In a poignant new work, poet Chris McCabe captures a haunting December encounter on a Liverpool canal, weaving personal grief with a Dickensian spectral vision. The poem, titled 'Down on the canal on Christmas Day', is the featured 'Poem of the Week' and forms part of McCabe's latest and sixth collection, 'Hedonism'.
A Spectral Meeting in Water-Light
The poem opens with a striking image: a man approaching the speaker out of the distinctive 'water-light' of a canal on Christmas Day. Described as 'Cratchit-wrapped', the figure immediately evokes the shivering, underpaid clerk Bob Cratchit from Charles Dickens's A Christmas Carol. This is no biblical apparition, but a ghost from a more worldly, literary tradition.
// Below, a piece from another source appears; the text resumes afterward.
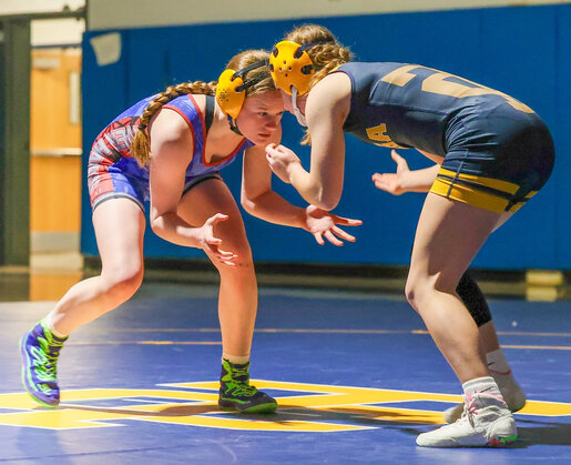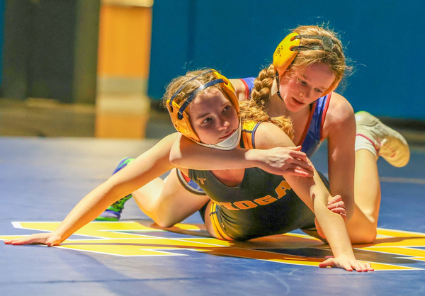 The River Hawks’ Ashlee Crawford-Bauer (114 pounds) pinned Mia Hall in 1:06 and teammate Michaela Daly recorded a 10-0 tech. fall over Grace Howey in 4:11.

The stranger recognises the poet with a simple, direct greeting: 'I know you. Hello Chris.' This moment of mutual recognition, underscored by plain end-rhyme, occurs in a 'time-ripped landscape' where a low winter sun spills through a metallic staircase, painting a scene of urban decay and redevelopment.
From Rat-Light to Father-Light
The initial joy of the meeting gives way to a longer, bleaker journey. The speaker is haunted by the man's smile for 'miles' along a 'long blasted path', a walk punctuated by the grim image of a dead rat, its belly resembling a 'purple crinoline Christmas hat'. This blend of the festive and the decomposing is central to the poem's unflinching realism.
McCabe builds a spectrum of experience through a cascade of compounded 'lights': 'canal-light, in time-light, in Cratchit-light, in ripped-light, in rat-light, in Solstice-light...'. This technique culminates in a powerful, quiet revelation. From this complex tapestry of light and memory, sparked by a stranger's smile, the speaker declares: 'I remake my father.'
Hedonism and Hauntology
The poem is a standout piece in 'Hedonism', a collection that explores pleasure as a philosophical pursuit. McCabe's work, however, is no simple celebration. It is noted for its 'sustaining emotional realism' and acts as an antidote to melancholia while fully acknowledging life's rough textures.
A key theme weaving through the book is the loss of the poet's father, an event associated with Christmas. The canal-side walk represents an attempt to move the festive period 'out of doors, into a local but larger-than-family setting', allowing the past to be reconfigured.
The critical analysis accompanying the poem draws a connection to the concepts of 'haunting' and 'hauntology', ideas championed by the late writer and philosopher Mark Fisher. This theoretical edge adds depth to McCabe's vision, framing the encounter as a way of making the future from the ghosts of the past, and perhaps, of turning a stranger into kin.
With this collection, McCabe confirms his reputation for assimilating complex ideas into experimental forms, using the 'full muscle and gristle of lived language' to remake personal grief into resonant, shared art.